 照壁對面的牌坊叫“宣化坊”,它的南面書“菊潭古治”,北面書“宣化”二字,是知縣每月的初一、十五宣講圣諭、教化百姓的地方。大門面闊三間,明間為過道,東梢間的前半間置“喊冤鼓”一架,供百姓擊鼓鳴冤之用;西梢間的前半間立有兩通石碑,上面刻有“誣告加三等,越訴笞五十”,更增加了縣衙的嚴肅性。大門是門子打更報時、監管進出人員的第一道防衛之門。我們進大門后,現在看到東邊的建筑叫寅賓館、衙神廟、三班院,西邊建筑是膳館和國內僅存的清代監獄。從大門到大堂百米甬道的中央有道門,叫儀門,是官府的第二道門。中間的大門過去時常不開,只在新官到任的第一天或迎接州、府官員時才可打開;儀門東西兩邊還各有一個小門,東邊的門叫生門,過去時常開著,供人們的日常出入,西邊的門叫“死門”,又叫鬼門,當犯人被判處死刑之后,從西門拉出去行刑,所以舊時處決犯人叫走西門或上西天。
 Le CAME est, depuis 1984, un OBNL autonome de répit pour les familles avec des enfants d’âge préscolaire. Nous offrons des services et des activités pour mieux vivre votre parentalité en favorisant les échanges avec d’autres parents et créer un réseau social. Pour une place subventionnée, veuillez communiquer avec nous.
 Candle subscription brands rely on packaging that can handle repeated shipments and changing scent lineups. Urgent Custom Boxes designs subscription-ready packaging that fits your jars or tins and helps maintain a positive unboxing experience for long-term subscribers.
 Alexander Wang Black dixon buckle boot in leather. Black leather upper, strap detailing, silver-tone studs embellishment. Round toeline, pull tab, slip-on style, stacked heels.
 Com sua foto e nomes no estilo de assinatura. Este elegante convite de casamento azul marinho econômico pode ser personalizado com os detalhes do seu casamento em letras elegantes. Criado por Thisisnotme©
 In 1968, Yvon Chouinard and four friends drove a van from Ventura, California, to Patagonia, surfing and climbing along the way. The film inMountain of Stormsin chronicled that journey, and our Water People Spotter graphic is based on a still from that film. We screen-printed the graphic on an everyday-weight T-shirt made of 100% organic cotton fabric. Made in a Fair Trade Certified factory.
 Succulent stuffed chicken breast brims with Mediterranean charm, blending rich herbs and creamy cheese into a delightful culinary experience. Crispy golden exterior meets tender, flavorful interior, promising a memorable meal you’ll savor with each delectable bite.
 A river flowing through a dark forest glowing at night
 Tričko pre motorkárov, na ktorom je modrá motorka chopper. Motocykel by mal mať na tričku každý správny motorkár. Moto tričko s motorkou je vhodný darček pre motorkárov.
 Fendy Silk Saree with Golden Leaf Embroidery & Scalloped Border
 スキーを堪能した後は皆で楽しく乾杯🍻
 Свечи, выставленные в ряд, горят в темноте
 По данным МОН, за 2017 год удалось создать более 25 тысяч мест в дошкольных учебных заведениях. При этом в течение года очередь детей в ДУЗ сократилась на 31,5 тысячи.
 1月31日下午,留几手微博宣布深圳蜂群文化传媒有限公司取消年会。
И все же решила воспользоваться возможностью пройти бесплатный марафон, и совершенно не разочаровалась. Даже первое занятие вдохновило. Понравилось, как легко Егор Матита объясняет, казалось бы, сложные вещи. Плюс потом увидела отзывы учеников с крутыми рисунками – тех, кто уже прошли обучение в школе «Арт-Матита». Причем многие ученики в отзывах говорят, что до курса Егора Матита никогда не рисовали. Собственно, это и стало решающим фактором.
================
Directions for this task: The entries above are to be retyped exactly.

Written solution:
 照壁對面的牌坊叫“宣化坊”,它的南面書“菊潭古治”,北面書“宣化”二字,是知縣每月的初一、十五宣講圣諭、教化百姓的地方。大門面闊三間,明間為過道,東梢間的前半間置“喊冤鼓”一架,供百姓擊鼓鳴冤之用;西梢間的前半間立有兩通石碑,上面刻有“誣告加三等,越訴笞五十”,更增加了縣衙的嚴肅性。大門是門子打更報時、監管進出人員的第一道防衛之門。我們進大門后,現在看到東邊的建筑叫寅賓館、衙神廟、三班院,西邊建筑是膳館和國內僅存的清代監獄。從大門到大堂百米甬道的中央有道門,叫儀門,是官府的第二道門。中間的大門過去時常不開,只在新官到任的第一天或迎接州、府官員時才可打開;儀門東西兩邊還各有一個小門,東邊的門叫生門,過去時常開著,供人們的日常出入,西邊的門叫“死門”,又叫鬼門,當犯人被判處死刑之后,從西門拉出去行刑,所以舊時處決犯人叫走西門或上西天。
 Le CAME est, depuis 1984, un OBNL autonome de répit pour les familles avec des enfants d’âge préscolaire. Nous offrons des services et des activités pour mieux vivre votre parentalité en favorisant les échanges avec d’autres parents et créer un réseau social. Pour une place subventionnée, veuillez communiquer avec nous.
 Candle subscription brands rely on packaging that can handle repeated shipments and changing scent lineups. Urgent Custom Boxes designs subscription-ready packaging that fits your jars or tins and helps maintain a positive unboxing experience for long-term subscribers.
 Alexander Wang Black dixon buckle boot in leather. Black leather upper, strap detailing, silver-tone studs embellishment. Round toeline, pull tab, slip-on style, stacked heels.
 Com sua foto e nomes no estilo de assinatura. Este elegante convite de casamento azul marinho econômico pode ser personalizado com os detalhes do seu casamento em letras elegantes. Criado por Thisisnotme©
 In 1968, Yvon Chouinard and four friends drove a van from Ventura, California, to Patagonia, surfing and climbing along the way. The film inMountain of Stormsin chronicled that journey, and our Water People Spotter graphic is based on a still from that film. We screen-printed the graphic on an everyday-weight T-shirt made of 100% organic cotton fabric. Made in a Fair Trade Certified factory.
 Succulent stuffed chicken breast brims with Mediterranean charm, blending rich herbs and creamy cheese into a delightful culinary experience. Crispy golden exterior meets tender, flavorful interior, promising a memorable meal you’ll savor with each delectable bite.
 A river flowing through a dark forest glowing at night
 Tričko pre motorkárov, na ktorom je modrá motorka chopper. Motocykel by mal mať na tričku každý správny motorkár. Moto tričko s motorkou je vhodný darček pre motorkárov.
 Fendy Silk Saree with Golden Leaf Embroidery & Scalloped Border
 スキーを堪能した後は皆で楽しく乾杯🍻
 Свечи, выставленные в ряд, горят в темноте
 По данным МОН, за 2017 год удалось создать более 25 тысяч мест в дошкольных учебных заведениях. При этом в течение года очередь детей в ДУЗ сократилась на 31,5 тысячи.
 1月31日下午,留几手微博宣布深圳蜂群文化传媒有限公司取消年会。
И все же решила воспользоваться возможностью пройти бесплатный марафон, и совершенно не разочаровалась. Даже первое занятие вдохновило. Понравилось, как легко Егор Матита объясняет, казалось бы, сложные вещи. Плюс потом увидела отзывы учеников с крутыми рисунками – тех, кто уже прошли обучение в школе «Арт-Матита». Причем многие ученики в отзывах говорят, что до курса Егора Матита никогда не рисовали. Собственно, это и стало решающим фактором.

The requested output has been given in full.